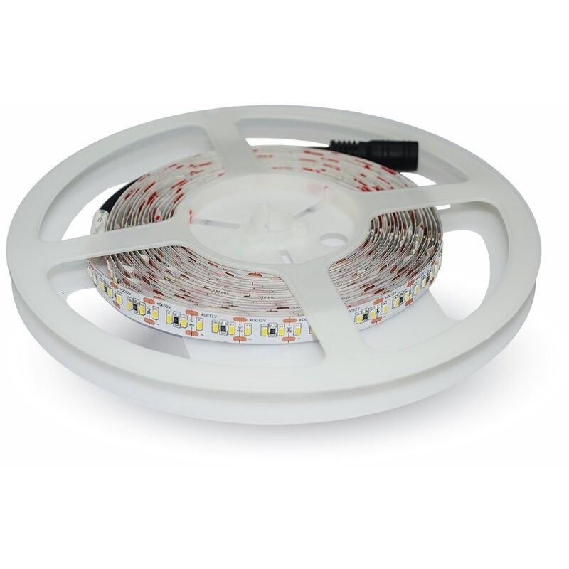 Striscia LED V-Tac con LED 3528. La striscia ha una potenza di 7,2W/m e misura 5 metri. Composta da 120 LED per metro. Il fascio luminoso è di 120° mentre il flusso luminoso è di 5 lm per LED. Tramite il connettore Jack 2.1 può essere facilmente connessa ad un alimentatore plug&play. Divisibile e dotata di striscia adesiva sul retro. Questo modello di striscia è disponibile con 3 diverse temperature colore: Luce Bianca Calda 2700K (SKU 2225), Bianca Naturale 4000K (SKU 2042) e Bianca Fredda 6000K (SKU 2002). Potenza 7.2W Flusso luminoso 600 lm Tensione alimentazione DC 12 V Angolo di Diffusione 120° Colore Bianco Materiale Silicio Grado di Protezione IP20 Dimmerabile No Durata 20000 ore Tipo di chip LED SMD3528 Efficienza energetica 80 lm/W Packaging Volume 0.000546 m3 Peso 0.024 kg Altezza confezione 260 mm Larghezza confezione 10 mm Profondità confezione 210 mm Quantità nella confezione 400 mt Quantità per pallet 8000 mt
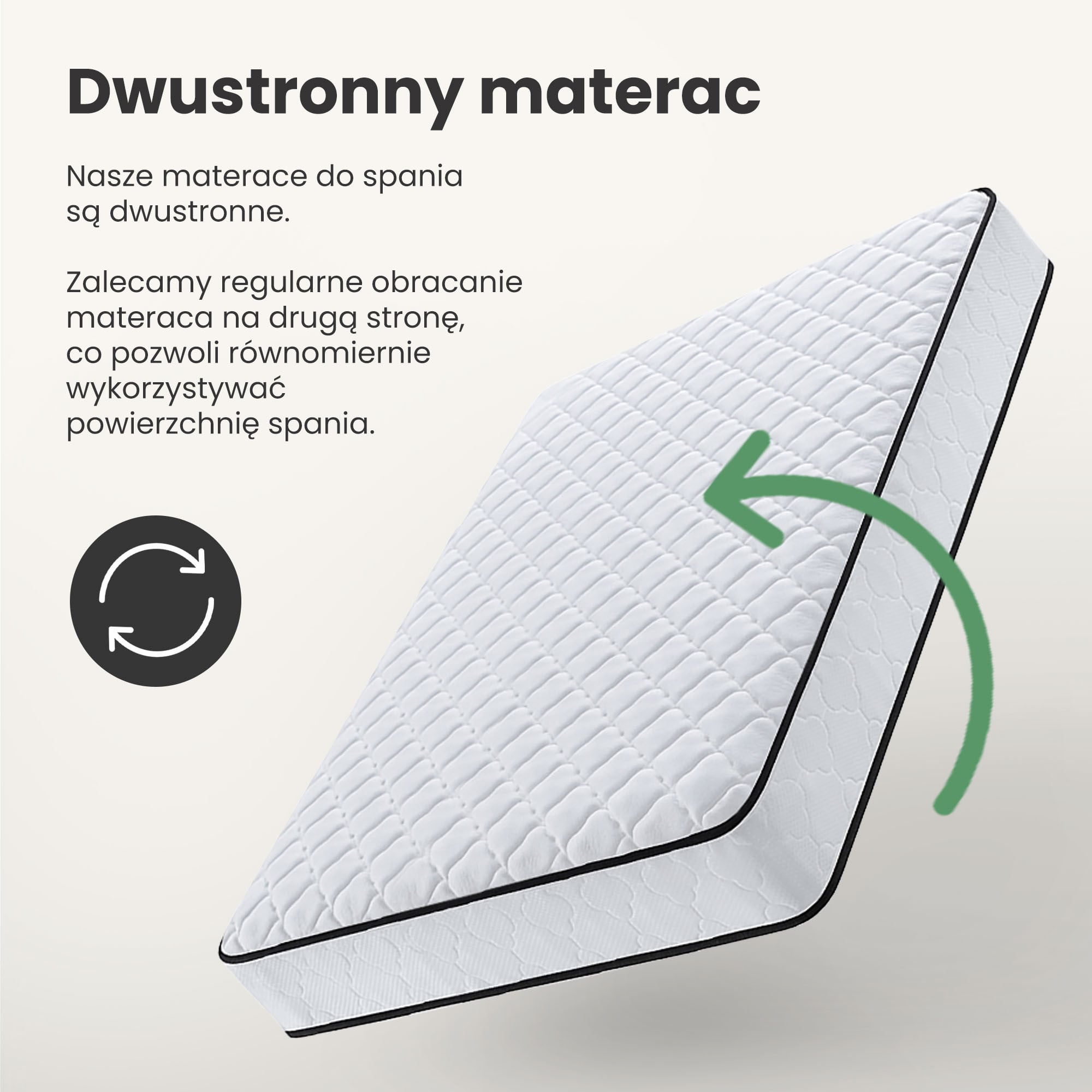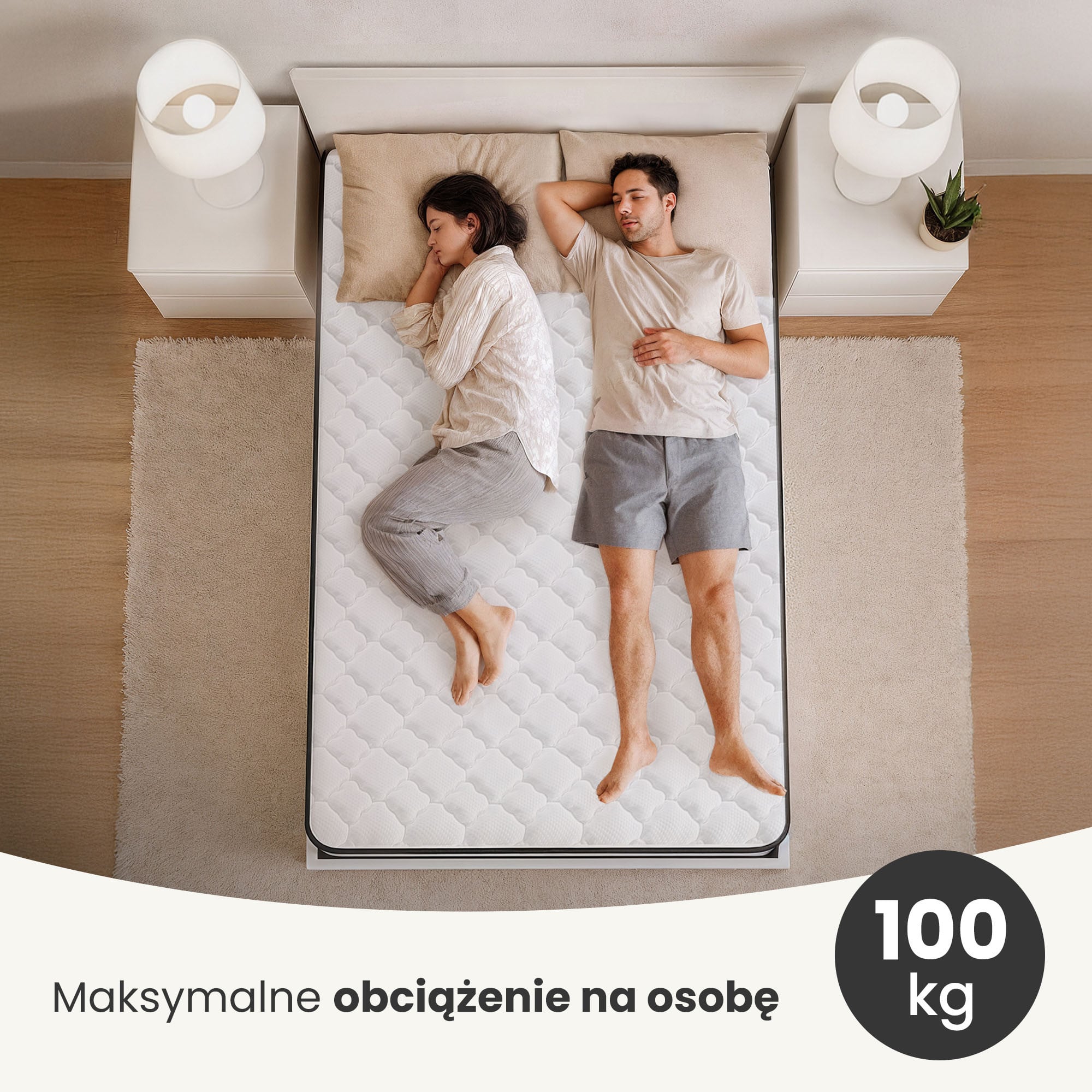 Materac sprężynowy o średniej twardości – H3 – dopasowuje się do kształtu pleców, zapewniając użytkownikom wysoki poziom komfortu podczas snu. Materac jest sprężysty, dobrze izoluje od podłoża i zapewnia odpowiednią cyrkulację powietrza. Optymalne maksymalne obciążenie na osobę to 100 kg.
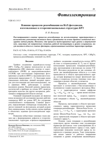 Яковлева Н. И. Влияние процессов рекомбинации на ВАХ фотодиодов, изготовленных в гетероэпитаксиальных структурах КРТ 59
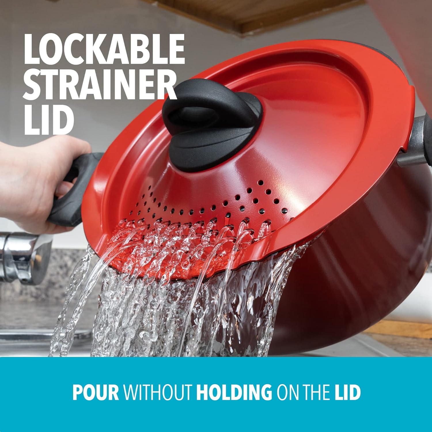 - LOCKABLE STRAINER LID: Twisting and locking securely in place, the pot strainer lid features integrated straining holes for a safer and more convenient way to drain excess water from your large pot without your food spilling out of the pot.
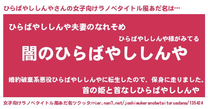 | 男性向けラノベタイトル風あだ名 | 『Re:ひらばやししんやから始める異世界生活』 |

◇ ◇ ◇ ◇ ◇

PROBLEM DESCRIPTION: Drop the pictures and set down the data above exactly.

SOLUTION:
 Striscia LED V-Tac con LED 3528. La striscia ha una potenza di 7,2W/m e misura 5 metri. Composta da 120 LED per metro. Il fascio luminoso è di 120° mentre il flusso luminoso è di 5 lm per LED. Tramite il connettore Jack 2.1 può essere facilmente connessa ad un alimentatore plug&play. Divisibile e dotata di striscia adesiva sul retro. Questo modello di striscia è disponibile con 3 diverse temperature colore: Luce Bianca Calda 2700K (SKU 2225), Bianca Naturale 4000K (SKU 2042) e Bianca Fredda 6000K (SKU 2002). Potenza 7.2W Flusso luminoso 600 lm Tensione alimentazione DC 12 V Angolo di Diffusione 120° Colore Bianco Materiale Silicio Grado di Protezione IP20 Dimmerabile No Durata 20000 ore Tipo di chip LED SMD3528 Efficienza energetica 80 lm/W Packaging Volume 0.000546 m3 Peso 0.024 kg Altezza confezione 260 mm Larghezza confezione 10 mm Profondità confezione 210 mm Quantità nella confezione 400 mt Quantità per pallet 8000 mt
 Materac sprężynowy o średniej twardości – H3 – dopasowuje się do kształtu pleców, zapewniając użytkownikom wysoki poziom komfortu podczas snu. Materac jest sprężysty, dobrze izoluje od podłoża i zapewnia odpowiednią cyrkulację powietrza. Optymalne maksymalne obciążenie na osobę to 100 kg.
 Яковлева Н. И. Влияние процессов рекомбинации на ВАХ фотодиодов, изготовленных в гетероэпитаксиальных структурах КРТ 59
 - LOCKABLE STRAINER LID: Twisting and locking securely in place, the pot strainer lid features integrated straining holes for a safer and more convenient way to drain excess water from your large pot without your food spilling out of the pot.
 | 男性向けラノベタイトル風あだ名 | 『Re:ひらばやししんやから始める異世界生活』 |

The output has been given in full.